Он шевельнулся, рывком садясь. Быстро оказался рядом.
– Ты чего, Ганнуся? – От лунного света глаза женщины блестели. С трудом подняла и протянула ему котомку, молча, чуть постукивая зубами. Гойко замотал головой. – Ты что тут, чего вздумала? Отец узнает – убьет…
– Не убьет… теперь точно не убьет. – Женщина схватилась за поясницу. – Янушек не даст. Внук у него будет, у бати твоего, племянник твой. Ой… пихнулся. Ты беги, Гойко, беги. Твоя судьба, ты же мужчина. Беги, Гойко…

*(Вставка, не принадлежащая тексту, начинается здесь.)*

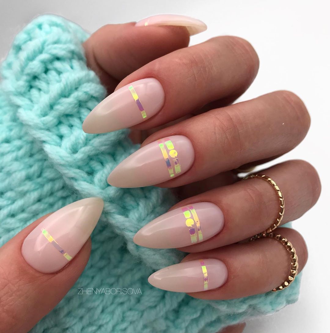 Нюдовый маникюр с блестящими золотыми полосками никогда не будет выглядеть слишком скучно, если добавить к нему золотые акценты. При этом не обязательно покрывать глиттером всю поверхность. Вполне достаточно будет нескольких хлопьев золотой фольги или небольших наклеек.
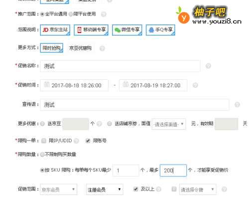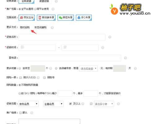 4依次选择促销渠道,推广范围。更多方式选择限时抢购。促销名称可以填写产品利益点之类,用于自己识别促销活动。
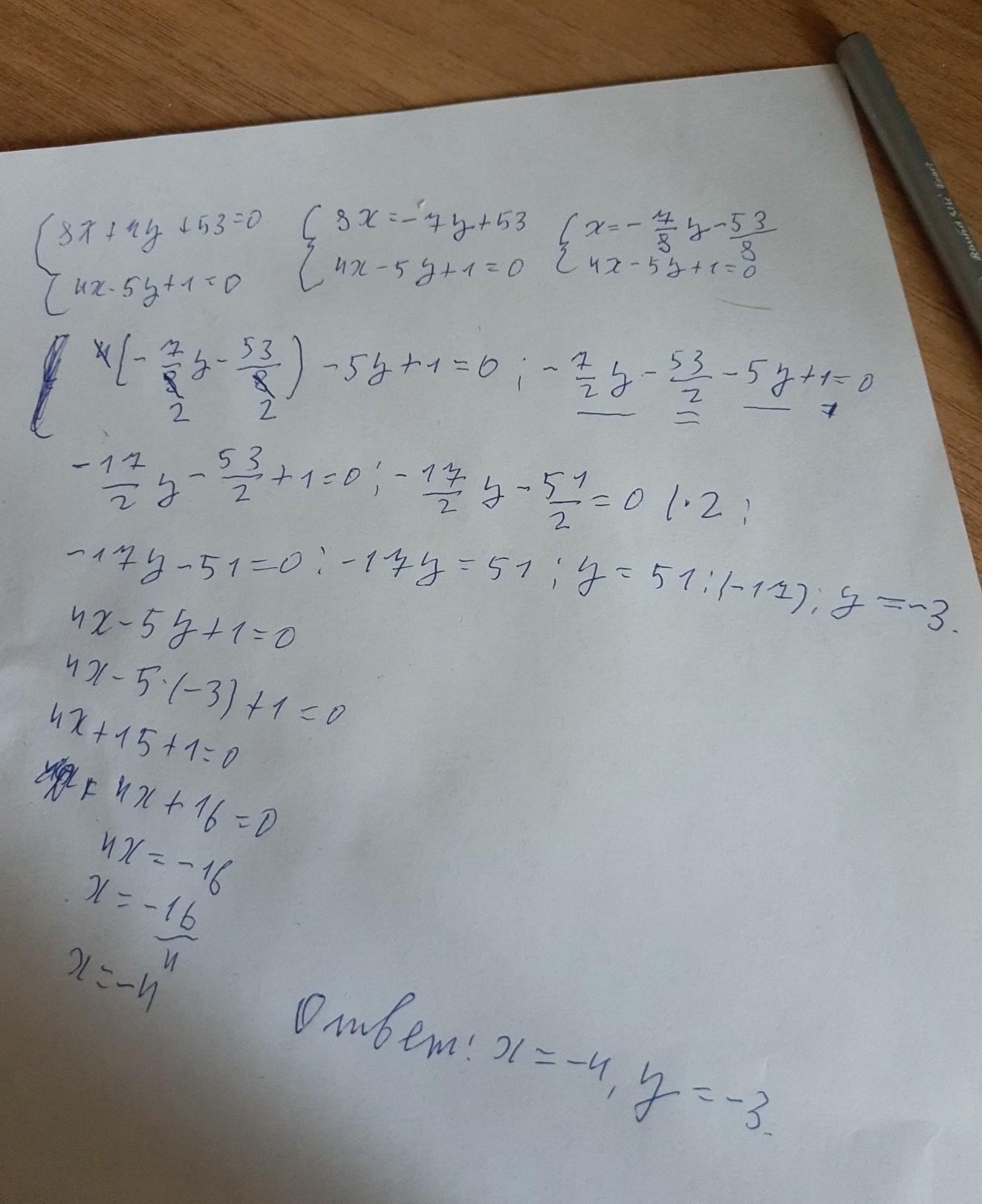 - Всё на листке. Метод подстановки. Сначала выражаешь одну переменную, ищешь другую, а потом подставляешь.

…Гойко догнал солдат к вечеру следующего дня. Он ничего не рассказал о том, как сбежал. И тем более не обмолвился о слезах все услышавшей, но не успевшей выйти проводить его бабушки и ее прощально поднятой руке. И не мог рассказать, потому что, этого он не видел, торопливо летя по дороге, и упиваясь свистом ветра в ушах. Вместо этого Гойко догнал краснорожего сержанта, командовавшего отрядом, и просто сказал, что хочет служить в армии Нессара.
1
На востоке медленно поднималось багровое солнце. Где-то вдалеке, в той дали, что сливается с линией горизонта, клубами вставал черный и жирный дым, и несколько темных облаков ходили по кругу над тем местом. Стервятники, вороны и другие мелкие птицы слетались на щедрый завтрак. Обильный, на любой вкус, подкинутый пернатым глупыми людьми, которые все никак не могли ужиться на раздольной и привольной земле, расстилавшейся под крыльями птиц. Птицы кружили, выбирали, опасались. Но на поле уже не было живых. Только лисы и волки, даже не огрызавшиеся друг на друга. Еды хватило всем.

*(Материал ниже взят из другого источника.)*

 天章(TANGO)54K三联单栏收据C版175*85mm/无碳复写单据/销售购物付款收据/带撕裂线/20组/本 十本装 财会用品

В последнем, решающем броске, ринувшиеся друг к другу, застыли на мягкой степной траве высокие двуногие фигуры, намертво сцепившиеся в смертельном объятии. Тела, тела, в доспехах и уже без них, голые и прикрытые, целые и не очень. С ног до головы покрытые засохшей кровью, своей и чужой. Обожженные смолой и горящим деревом вперемежку с тканью шатров. Изувеченные головы, руки, ноги, размозженные ударами палиц, шестоперов, цепов, моргенштернов и просто дубинами. Рассеченные мечами, топорами и секирами, пронзенные копьями, стрелами и дротиками. Наваленные друг на друга, воины и лошади, смешанные в одной сплошной мертвой массе, фарше из мяса, крови, кожи, костей, дерева и металла. Лишь вчера бывшие живыми, радующимися жизни, поджаривающими кролика на костре, хохочущими, играющими в кости, поющими песни или починяющими одежду. Сегодня их уже не было. Но навряд ли что-то закончилось на этом. Просто вновь в земли Нессара пришла война. Птицы, кружась, опускаясь, смотрели по сторонам, на людей… Точки птичьих глаз видели все.
Скрюченные в судорогах пальцы молоденького пехотинца из первого нессарского полка, добитого колотушкой степняка-гасильщика, идущего за передовыми отрядами. Раскрытый в немом вопле рот тысячника Субдэя, окруженного вместе с небольшим отрядом верных телохранителей тургаудов и пронзенного копейщиком Вагой из наемной древальтской конной сотни. Колоссальная фигура Вигейра, телохранителя кронпринца Альберта Нессарского, исполина, которого смогли свалить лишь с помощью баллист и их тяжелых стрел. Погибшего, но так и не выпустившего из рук черно-желтого королевского знамени. И сотни, тысячи других, степняков и нессарцев, наемников и волонтеров – всех, кто сражался вчерашним днем и сегодняшней ночью посреди широкого поля Последней черты, за которым начиналась земля королевства Нессар, обильная и плодородная. Все они остались здесь. Навсегда.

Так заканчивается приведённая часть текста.